At the time, the Indus Waters Treaty was hailed as a triumph of pragmatism. Yet over six decades later, the cracks are visible. Many of Mirza’s warnings have proved prescient. By conceding the eastern rivers entirely to India, Pakistan lost direct control over nearly one-third of the Indus system, forcing reliance on massive engineering projects to divert western waters into eastern canals.
Delays, cost overruns and maintenance challenges left gaps that farmers felt acutely. Although the treaty nominally barred India from consumptive use of the western rivers, loopholes permitted ‘non-consumptive’ hydroelectric projects. India has since built and planned dozens of dams on the Chenab and Jhelum, and while Pakistan has repeatedly objected in international arbitration, it has achieved only limited success.
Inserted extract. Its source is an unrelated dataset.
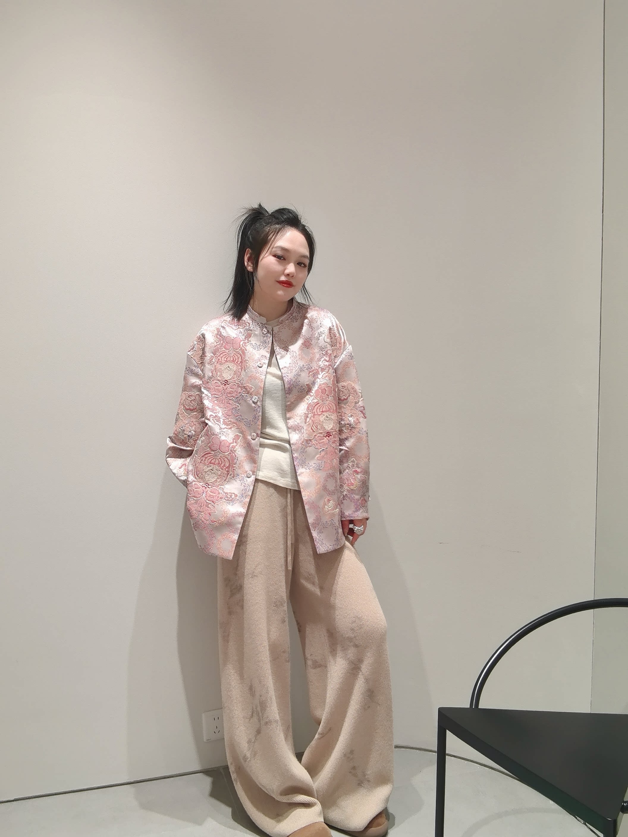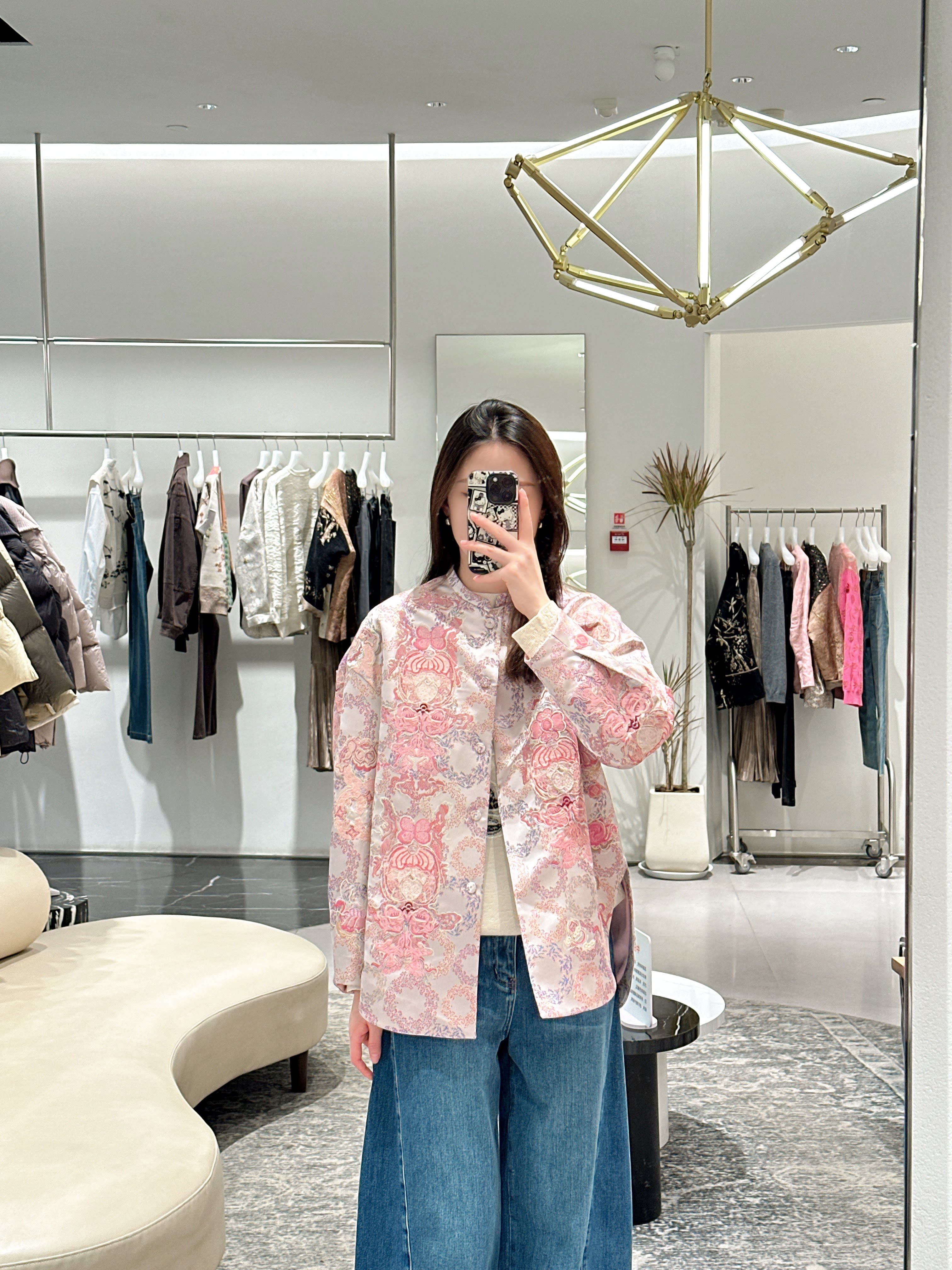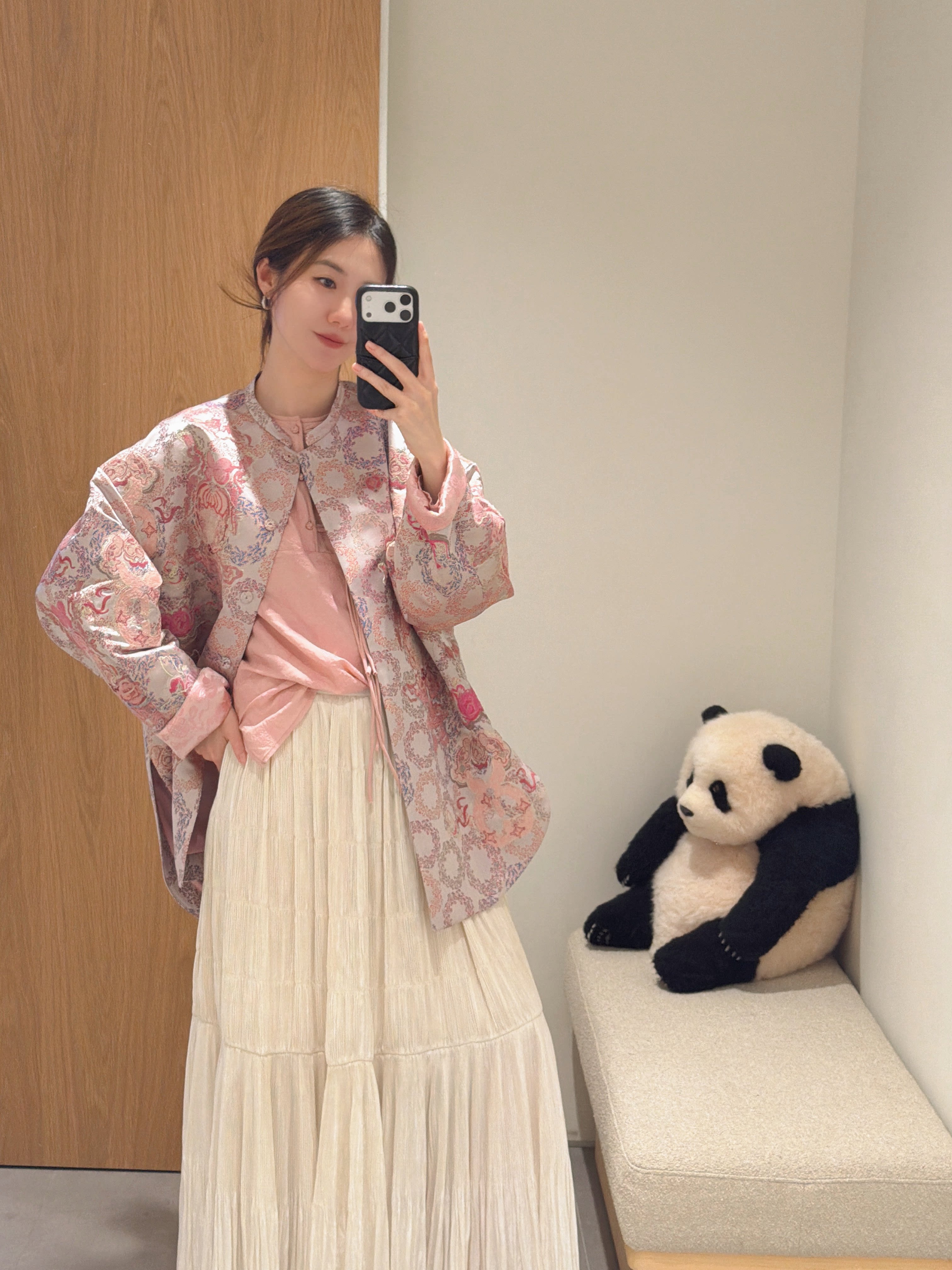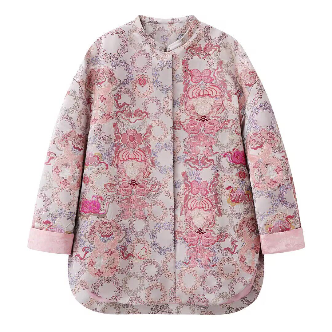刘雯同款2026春季新款新中式国风复古立领苹果花提花外套上衣

Mirza’s 1958 counter-draft had anticipated this danger by insisting that India could not unilaterally commission hydroelectric works on the western rivers without Pakistan’s concurrence – a safeguard Ayub dropped. Rising demand, population growth and climate change have further compounded the problem, leaving Pakistan facing acute water stress.
Exclusive reliance on the western rivers – subject to seasonal fluctuations and upstream projects – has left the country highly vulnerable, whereas Mirza’s insistence on retaining at least partial rights to the eastern rivers might have offered greater flexibility.
Perhaps most damaging of all was the precedent set by Ayub’s haste: it signalled that Pakistan could compromise under pressure. In future disputes, from Siachen to Kashmir negotiations, India and external mediators would recall how quickly Pakistan had settled on water, reinforcing asymmetry.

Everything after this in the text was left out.